Brief:
Every line of the material is to be returned verbatim. Pictures stay out.

⁂

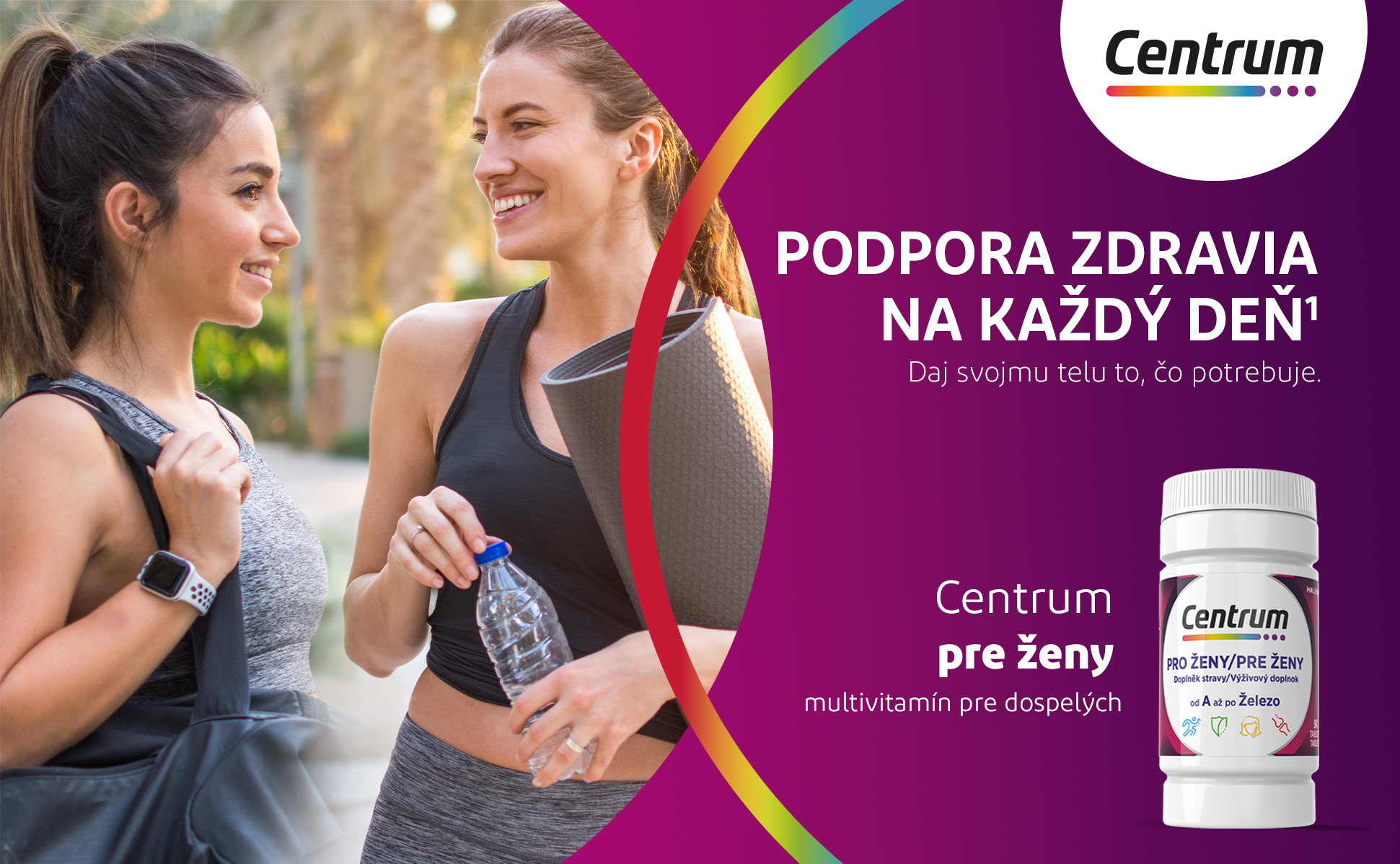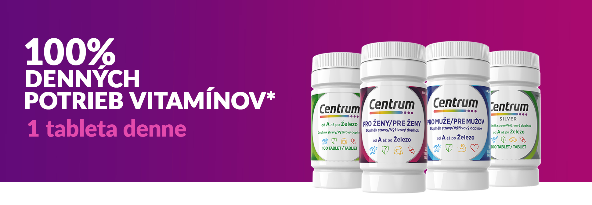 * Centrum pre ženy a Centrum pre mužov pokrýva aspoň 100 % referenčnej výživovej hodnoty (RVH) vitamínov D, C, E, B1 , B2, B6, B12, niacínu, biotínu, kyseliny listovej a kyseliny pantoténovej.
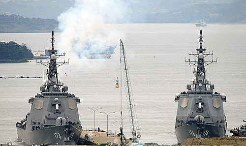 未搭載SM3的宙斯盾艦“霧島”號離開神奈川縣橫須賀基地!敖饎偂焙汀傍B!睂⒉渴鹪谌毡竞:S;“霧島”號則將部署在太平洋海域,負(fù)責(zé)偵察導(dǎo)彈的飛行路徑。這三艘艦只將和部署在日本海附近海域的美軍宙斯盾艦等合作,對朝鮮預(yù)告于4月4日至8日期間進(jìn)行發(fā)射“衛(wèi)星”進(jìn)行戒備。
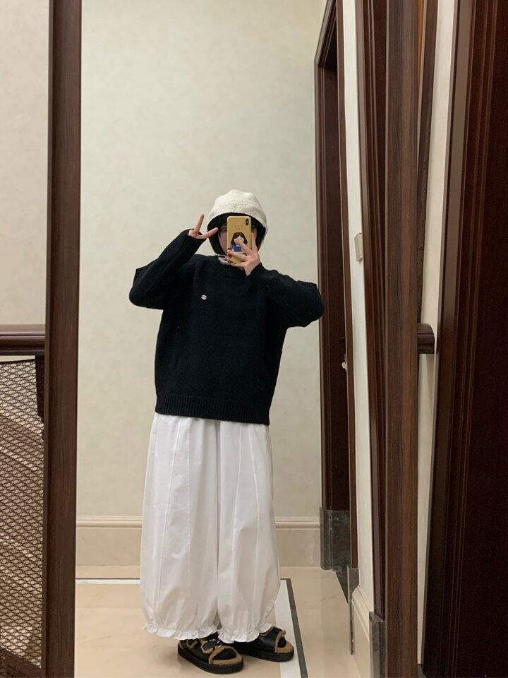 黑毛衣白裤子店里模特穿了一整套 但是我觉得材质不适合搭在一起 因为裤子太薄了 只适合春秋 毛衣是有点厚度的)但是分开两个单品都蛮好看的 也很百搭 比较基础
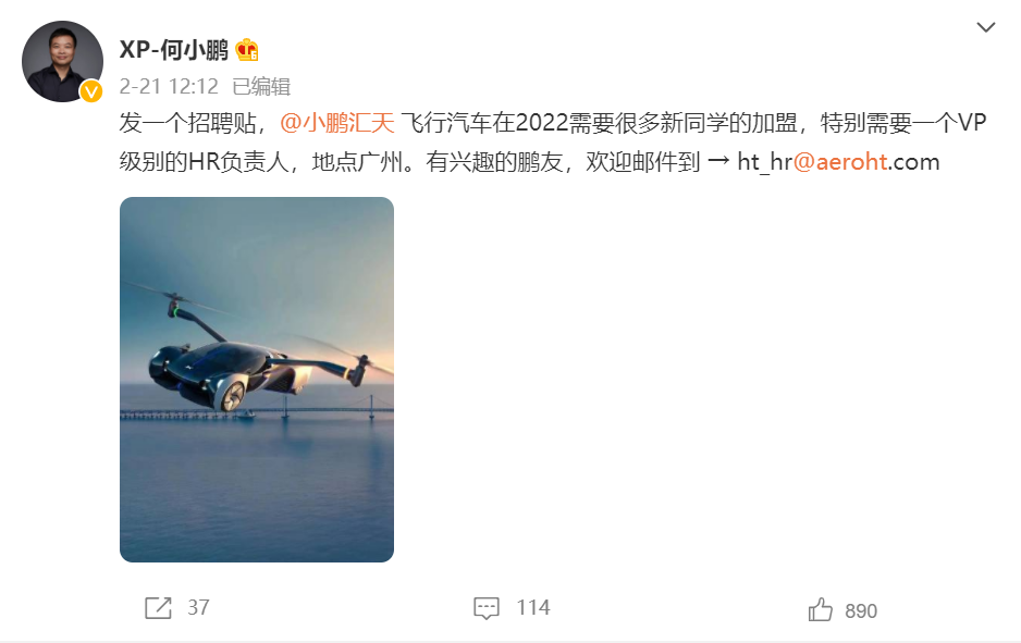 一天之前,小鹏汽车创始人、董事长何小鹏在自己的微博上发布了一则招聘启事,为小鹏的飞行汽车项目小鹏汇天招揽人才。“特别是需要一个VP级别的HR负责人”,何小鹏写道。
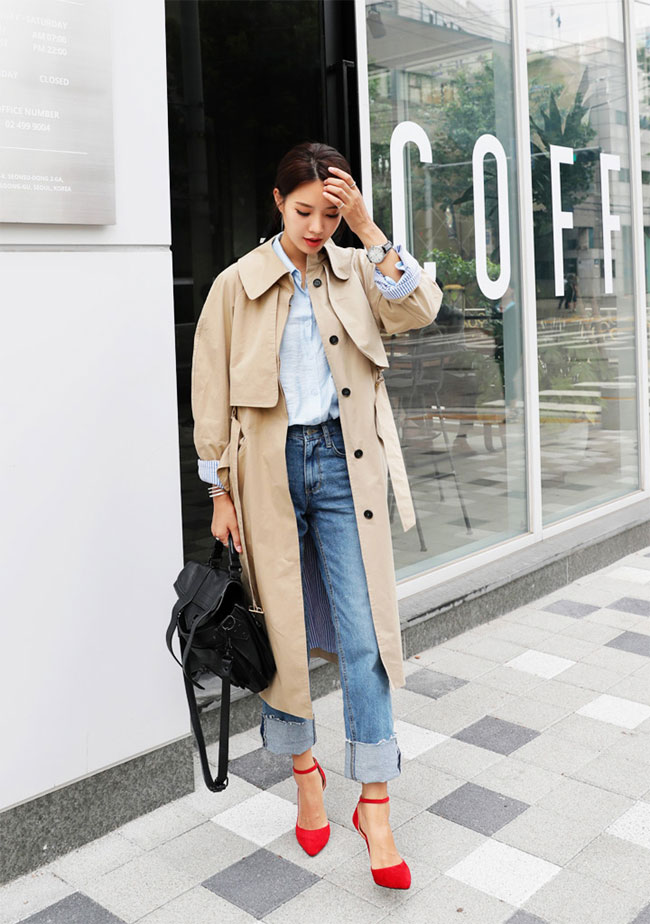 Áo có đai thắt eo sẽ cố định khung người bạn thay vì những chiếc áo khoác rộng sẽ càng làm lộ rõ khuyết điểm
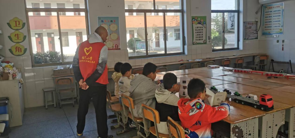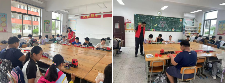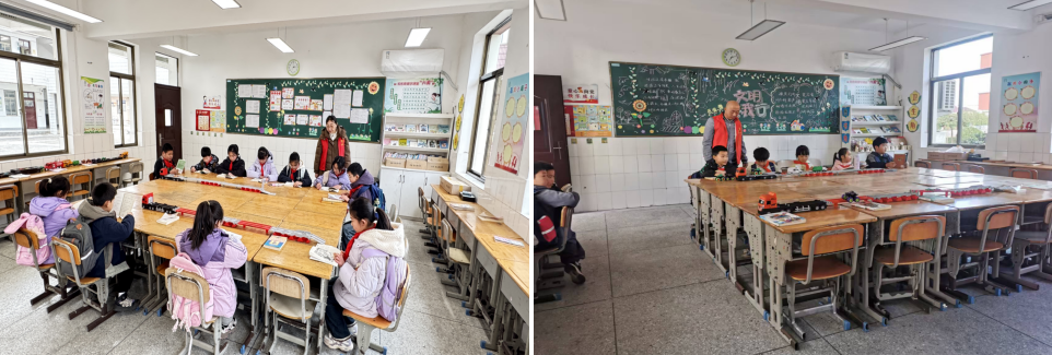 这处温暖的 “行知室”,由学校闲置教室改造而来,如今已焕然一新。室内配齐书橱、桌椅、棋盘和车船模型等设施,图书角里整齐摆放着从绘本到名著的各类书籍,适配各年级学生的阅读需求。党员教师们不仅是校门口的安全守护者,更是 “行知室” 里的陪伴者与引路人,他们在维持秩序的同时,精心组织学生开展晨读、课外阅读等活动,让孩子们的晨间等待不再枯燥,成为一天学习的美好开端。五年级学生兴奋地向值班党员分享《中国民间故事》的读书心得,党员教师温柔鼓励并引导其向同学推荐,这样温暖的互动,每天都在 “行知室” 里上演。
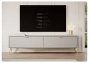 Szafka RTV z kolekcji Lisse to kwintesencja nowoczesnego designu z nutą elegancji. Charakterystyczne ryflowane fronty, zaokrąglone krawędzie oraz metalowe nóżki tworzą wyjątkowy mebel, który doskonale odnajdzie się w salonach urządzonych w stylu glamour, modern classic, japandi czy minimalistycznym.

⁂

Your response:
 * Centrum pre ženy a Centrum pre mužov pokrýva aspoň 100 % referenčnej výživovej hodnoty (RVH) vitamínov D, C, E, B1 , B2, B6, B12, niacínu, biotínu, kyseliny listovej a kyseliny pantoténovej.
 未搭載SM3的宙斯盾艦“霧島”號離開神奈川縣橫須賀基地!敖饎偂焙汀傍B!睂⒉渴鹪谌毡竞:S;“霧島”號則將部署在太平洋海域,負(fù)責(zé)偵察導(dǎo)彈的飛行路徑。這三艘艦只將和部署在日本海附近海域的美軍宙斯盾艦等合作,對朝鮮預(yù)告于4月4日至8日期間進(jìn)行發(fā)射“衛(wèi)星”進(jìn)行戒備。
 黑毛衣白裤子店里模特穿了一整套 但是我觉得材质不适合搭在一起 因为裤子太薄了 只适合春秋 毛衣是有点厚度的)但是分开两个单品都蛮好看的 也很百搭 比较基础
 一天之前,小鹏汽车创始人、董事长何小鹏在自己的微博上发布了一则招聘启事,为小鹏的飞行汽车项目小鹏汇天招揽人才。“特别是需要一个VP级别的HR负责人”,何小鹏写道。
 Áo có đai thắt eo sẽ cố định khung người bạn thay vì những chiếc áo khoác rộng sẽ càng làm lộ rõ khuyết điểm
 这处温暖的 “行知室”,由学校闲置教室改造而来,如今已焕然一新。室内配齐书橱、桌椅、棋盘和车船模型等设施,图书角里整齐摆放着从绘本到名著的各类书籍,适配各年级学生的阅读需求。党员教师们不仅是校门口的安全守护者,更是 “行知室” 里的陪伴者与引路人,他们在维持秩序的同时,精心组织学生开展晨读、课外阅读等活动,让孩子们的晨间等待不再枯燥,成为一天学习的美好开端。五年级学生兴奋地向值班党员分享《中国民间故事》的读书心得,党员教师温柔鼓励并引导其向同学推荐,这样温暖的互动,每天都在 “行知室” 里上演。
 Szafka RTV z kolekcji Lisse to kwintesencja nowoczesnego designu z nutą elegancji. Charakterystyczne ryflowane fronty, zaokrąglone krawędzie oraz metalowe nóżki tworzą wyjątkowy mebel, który doskonale odnajdzie się w salonach urządzonych w stylu glamour, modern classic, japandi czy minimalistycznym.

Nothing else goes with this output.